## WORK REQUIRED
Repeat the records exactly as given. Do not include the pictures.

## RECORD SET
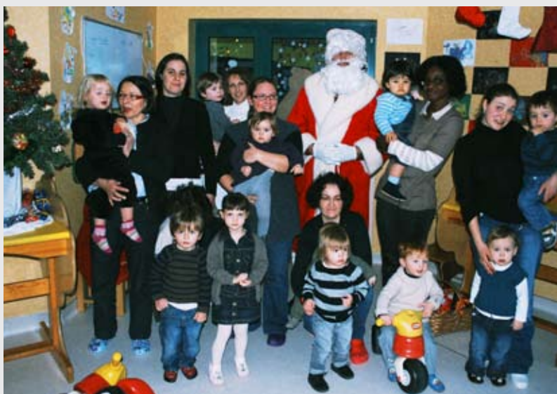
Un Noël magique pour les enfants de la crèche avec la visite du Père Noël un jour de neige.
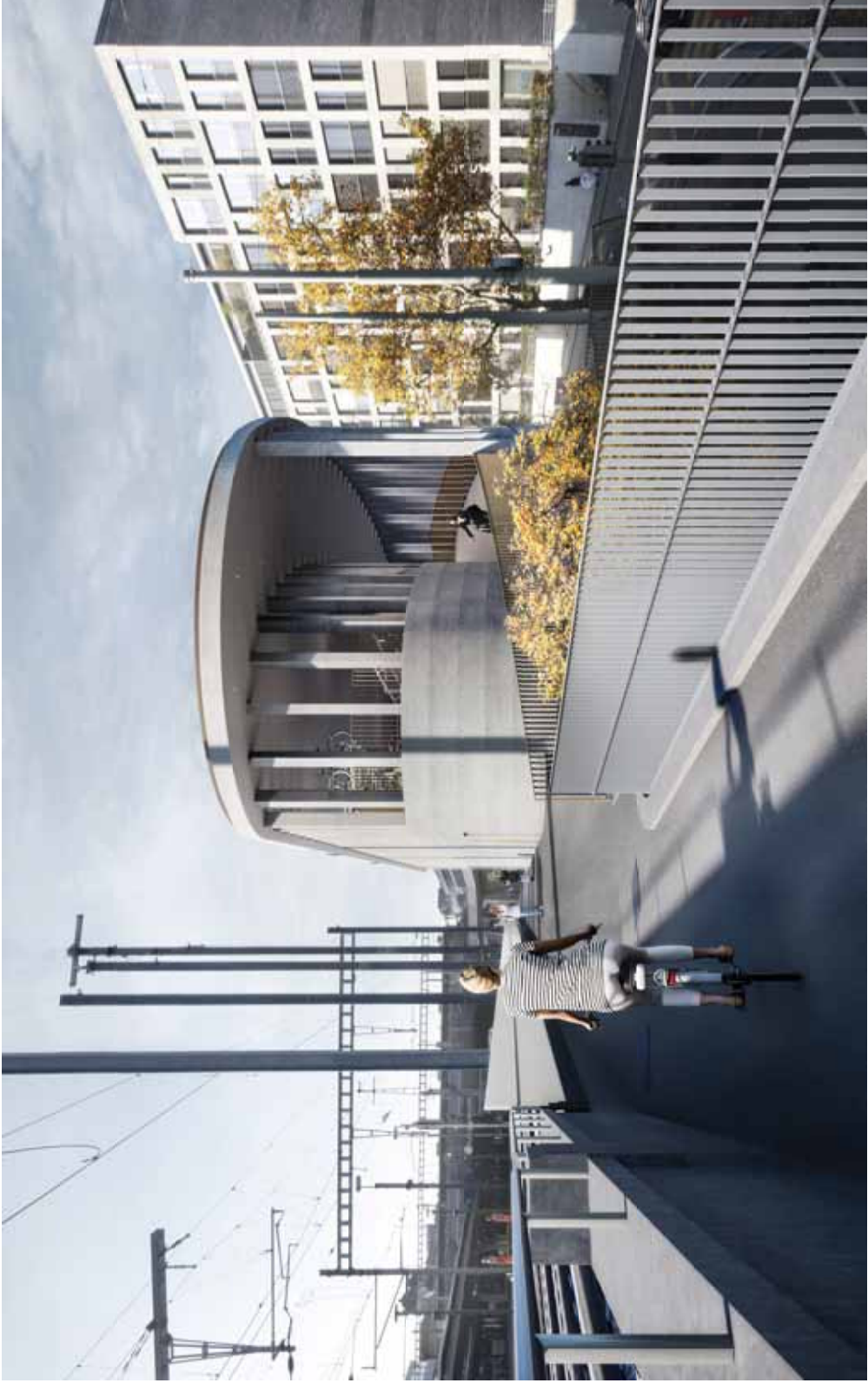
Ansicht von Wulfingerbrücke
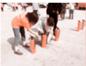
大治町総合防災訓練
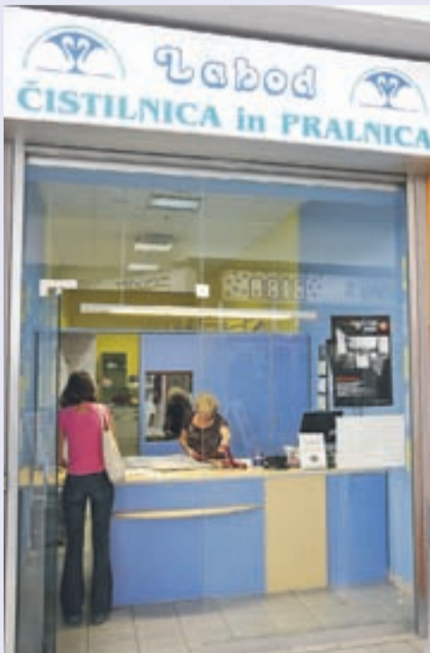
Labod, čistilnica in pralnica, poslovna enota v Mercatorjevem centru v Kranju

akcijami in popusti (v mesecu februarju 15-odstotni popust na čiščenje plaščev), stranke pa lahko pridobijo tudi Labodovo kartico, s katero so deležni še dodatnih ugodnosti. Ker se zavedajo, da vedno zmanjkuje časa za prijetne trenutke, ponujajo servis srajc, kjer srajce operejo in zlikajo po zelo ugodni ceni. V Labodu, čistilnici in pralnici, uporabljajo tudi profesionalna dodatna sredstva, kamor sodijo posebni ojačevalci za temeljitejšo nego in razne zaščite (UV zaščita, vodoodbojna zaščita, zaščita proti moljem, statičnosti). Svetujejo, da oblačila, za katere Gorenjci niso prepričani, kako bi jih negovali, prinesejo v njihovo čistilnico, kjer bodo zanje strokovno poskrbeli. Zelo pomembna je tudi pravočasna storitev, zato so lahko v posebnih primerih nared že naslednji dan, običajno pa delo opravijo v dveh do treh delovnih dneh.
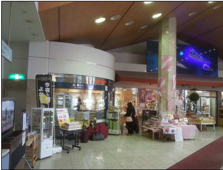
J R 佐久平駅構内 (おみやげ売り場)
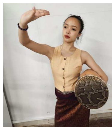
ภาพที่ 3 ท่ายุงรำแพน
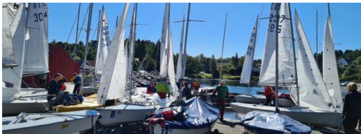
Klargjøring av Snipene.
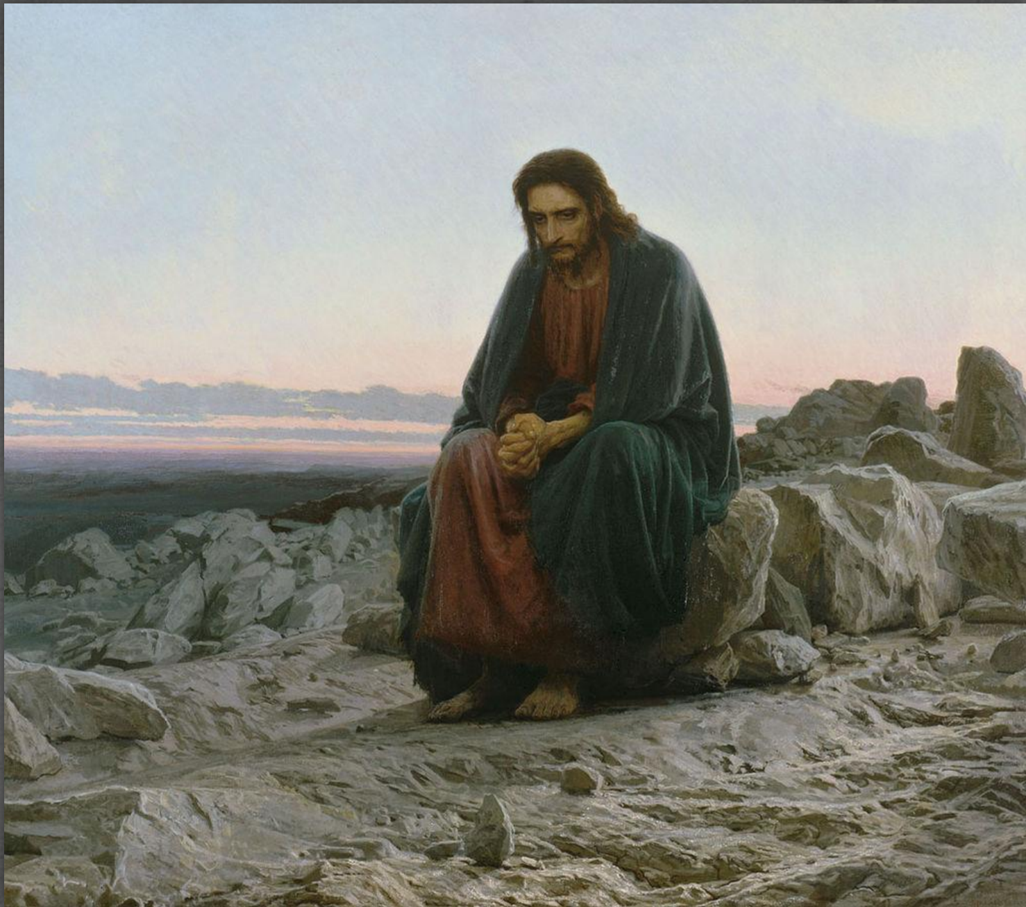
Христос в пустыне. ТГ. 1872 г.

## EXERCISE SOLUTION
Un Noël magique pour les enfants de la crèche avec la visite du Père Noël un jour de neige.
Ansicht von Wulfingerbrücke
大治町総合防災訓練
Labod, čistilnica in pralnica, poslovna enota v Mercatorjevem centru v Kranju

akcijami in popusti (v mesecu februarju 15-odstotni popust na čiščenje plaščev), stranke pa lahko pridobijo tudi Labodovo kartico, s katero so deležni še dodatnih ugodnosti. Ker se zavedajo, da vedno zmanjkuje časa za prijetne trenutke, ponujajo servis srajc, kjer srajce operejo in zlikajo po zelo ugodni ceni. V Labodu, čistilnici in pralnici, uporabljajo tudi profesionalna dodatna sredstva, kamor sodijo posebni ojačevalci za temeljitejšo nego in razne zaščite (UV zaščita, vodoodbojna zaščita, zaščita proti moljem, statičnosti). Svetujejo, da oblačila, za katere Gorenjci niso prepričani, kako bi jih negovali, prinesejo v njihovo čistilnico, kjer bodo zanje strokovno poskrbeli. Zelo pomembna je tudi pravočasna storitev, zato so lahko v posebnih primerih nared že naslednji dan, običajno pa delo opravijo v dveh do treh delovnih dneh.
J R 佐久平駅構内 (おみやげ売り場)
ภาพที่ 3 ท่ายุงรำแพน
Klargjøring av Snipene.
Христос в пустыне. ТГ. 1872 г.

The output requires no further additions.